Furthermore, tensorflow does not flip the kernel (implements cross-correlation).
Do you have any idea why this is not giving the same result?
Thanks in advance,
Roman
Okay, I found a solution, even though it is not really one because I do not understand it myself.
First, it seems that for the task that I was trying to solve, Theano and Tensorflow use different convolutions.
The task at hand is a "1.5 D convolution" which means sliding a kernel in only one direction over the input (here DNA sequences).
In Theano, I solved this with the conv2d operation that had the same amount of rows as the kernels and it was working fine.
However, Tensorflow (probably correctly) wants me to use conv1d for that, interpreting the rows as channels.
So, the following should work but didn't in the beginning:
import tensorflow as tf
import numpy as np
# TF expects input of (batch_size, height, width, channels)
# and filters of shape (height, width, in_channel, out_channel)
x = tf.placeholder(tf.float32, shape=(1, 4, 3, 1), name="input")
w = tf.placeholder(tf.float32, shape=(4, 3, 1, 1), name="weights")
x_star = tf.reshape(x, [1, 4, 3])
w_star = tf.reshape(w, [4, 3, 1])
c = tf.nn.conv1d(x_star, w_star, stride=1, padding='VALID')

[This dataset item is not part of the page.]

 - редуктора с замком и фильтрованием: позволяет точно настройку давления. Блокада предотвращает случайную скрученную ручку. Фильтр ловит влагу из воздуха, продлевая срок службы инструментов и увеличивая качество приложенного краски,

with tf.Session() as sess:
base = np.array([[1, 0, 0, 0], [1, 0, 0, 0], [0, 0, 0, 1]]).T
i = base[np.newaxis, :, :, np.newaxis]
weights = base[:, :, np.newaxis, np.newaxis]

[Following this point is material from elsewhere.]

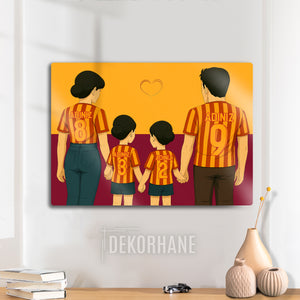 Galatasaray Aile Baba Anne 2 Kız Çocuk - Kişiselleştirilebilir Metal Tablo

res = sess.run(c, feed_dict={x: i, w: weights})
print res # -> produces 3 after updating tensorflow
This code produced NaN until I updated Tensorflow to version 1.0.1 and since then, it produces the expected output.
To summarize, my problem was partly solved by using 1D convolution instead of 2D convolution but still required the update of the framework. For the second part, I have no idea at all what might have caused wrong behavior in the first place.
EDIT: The code I posted in my original question is now working fine, too. So the different behavior came only from an old (maybe corrupt) version of TF.